Wednesday, August 14, 2013

In the Wild: PRINCE AVALANCHE


Right from the start, David Gordon Green was labeled the Next Great American Auteur. In 2000, his debut feature George Washington, a lyrical and tenderly detailed portrait of a poor young African American boy, marked him as a master in the making. His subsequent films – sensitive romance All the Real Girls (’03), stormy Southern Gothic Undertow (’04), emotional small-town drama Snow Angels (’08) – initially seemed to confirm his status as a director of Serious Intent set on saying Important Things with capital-C Cinema. By now, though, it’s clear that there’s no other director as intent on resisting critical and commercial labels. It took a jaunt through stoner clowning (Pineapple Express), TV (HBO’s Eastbound and Down), unimaginably awful fantasy goofing (Your Highness), and a Hollywood comedy (The Sitter) to redefine his career downwards, in some cases unfairly, but fairly in most. He’s off the pedestal to which he was so prematurely elevated.

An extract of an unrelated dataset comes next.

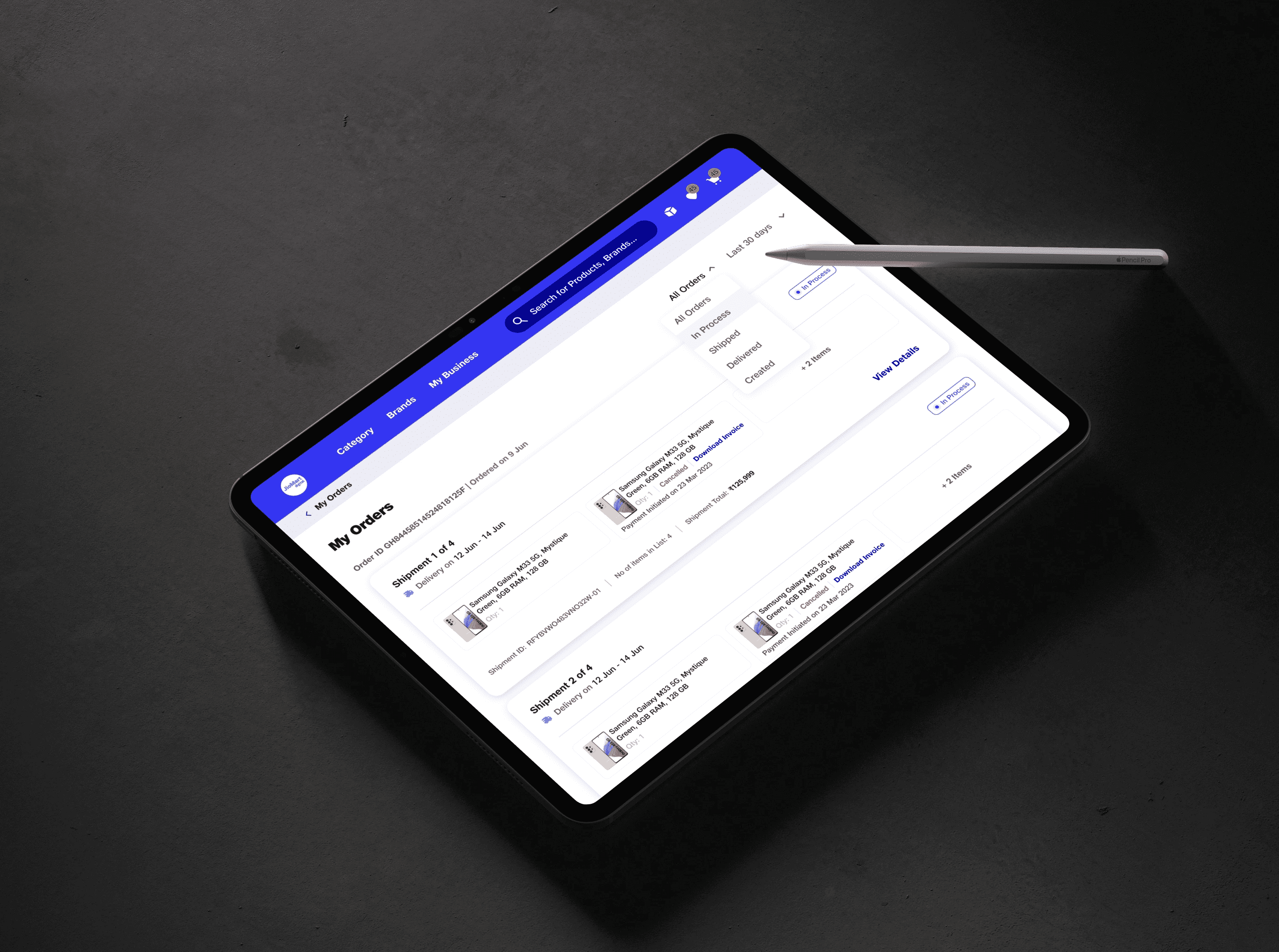 The Execution: Designed comprehensive status filters (Created / In Process / Shipped / Delivered) alongside immediate Invoice download visibility, drastically reducing the need for retailers to contact manual support.

Green’s latest feature is Prince Avalanche. It’s undoubtedly his smallest and least important project. Purposely monotonous and adrift, the film features a tiny cast and plotting so loose it may as well be plotless. Paul Rudd stars as a sad sack road crew supervisor, out painting lines and hammering posts along a rural stretch of road. His only companion and employee is his girlfriend’s brother played by Emile Hirsch. The younger kid only got the job because the boss loves his sister and wants to be nice to her. The relationship between the two men is not an easy one, a prickly, reluctantly chummy arrangement that’s just as likely to devolve into total silence as anything else. That’s the main focus of the movie, as the guys slowly let the summer pass them by, working for the weekend. Hirsch heads into town to party while Rudd stays back. He sees himself a wilderness man, fishing, cooking, and writing letters to his girl. By Monday, it’s back to painting stripes on the highway together.

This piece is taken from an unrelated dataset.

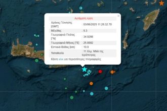 Ισχυρή σεισμική δόνηση έγινε αισθητή λίγα λεπτά πριν από τις 2 και 30 στην Κρήτη. Σύμφωνα με την αυτόματη λύση του Γεωδυναμικού Ινστιτούτου…

Stuck partway between the unforced lyrical observation of Green’s earlier work and his broader, coarser Hollywood comedy of late, it’s unsuccessful precisely because it’s the worst of both. The film is unfocused and painfully small in scope. The cinematography from Tim Orr, who has done great, evocative work for Green and others for years now, captures the setting with an eye for interesting visual detail. But it quickly grows stagnant. The swirling ambient noise of the soundtrack by the band Explosions in the Sky works overtime overselling importance, while the camera returns again and again to repetitive shots of light dappling leaves and the sun coming up over the crest of the horizon, shots through which Rudd trudges and Hirsch schleps. It’s all so precisely shot and thinly sketched that it feels like the work of a cast and crew seized with a great idea, but who skipped to “how” before really puzzling through a good, clear answer for “why?”

Though Rudd and Hirsch share enjoyable chemistry at times, their characters are frustratingly limited in emotional range. They’re stumbling along, doubting their masculinity, alternating between dumbly meditative and sweetly insecure, hesitantly bonding with one another if they can ever get past their surface nastiness towards each other. But no amount of homosocial bonding can make these characters feel anything but incomplete. Rudd’s letters and Hirsch’s urgently recounted stories of hook ups and relationship strategies don’t flesh out their backgrounds so much as they play like an attempt to do so. It just feels phony. By the time the movie arrives at its only plot point of any consequence, it feels entirely unexpected and unconvincing because it takes place almost entirely off screen and is entirely unmotivated. This is a strangely passive film. It’s the kind of movie that feels like a couple of actors stuck in an acting exercise. To see the movie is to watch talented people play around in the forest for a while.